§ **WORK ORDER**
Repeat the data that follows verbatim. Images are not part of the copy.

§ **DATASET EXCERPT**
Content starts

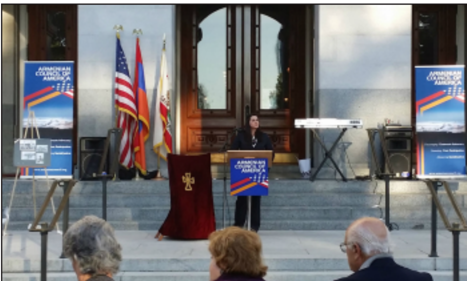
Armenian Genocide vigil at the California State Capital

SACRAMENTO, CA – The Armenian Council of America, in partnership with the Armenian-American community of Sacramento, organized an informative and empowering evening vigil, commemorating the 99th anniversary of the Armenian Genocide at the California State Capital on Sunday, April 6.
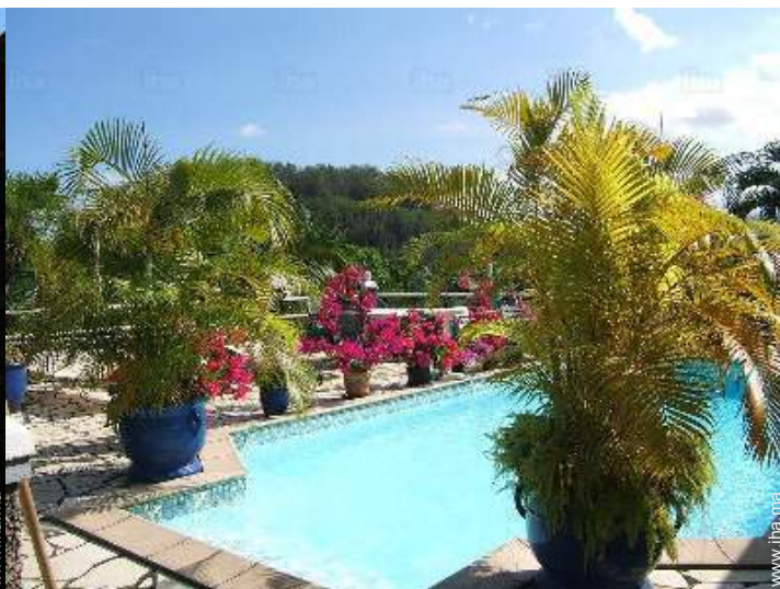
piscine dans la résidence
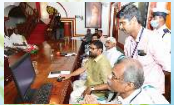
ആട്ടോമേറ്റഡ് ലൈബ്രറി ഉദ്ഘാടനം

Content ends

§ **EXPECTED OUTPUT**
Armenian Genocide vigil at the California State Capital

SACRAMENTO, CA – The Armenian Council of America, in partnership with the Armenian-American community of Sacramento, organized an informative and empowering evening vigil, commemorating the 99th anniversary of the Armenian Genocide at the California State Capital on Sunday, April 6.
piscine dans la résidence
ആട്ടോമേറ്റഡ് ലൈബ്രറി ഉദ്ഘാടനം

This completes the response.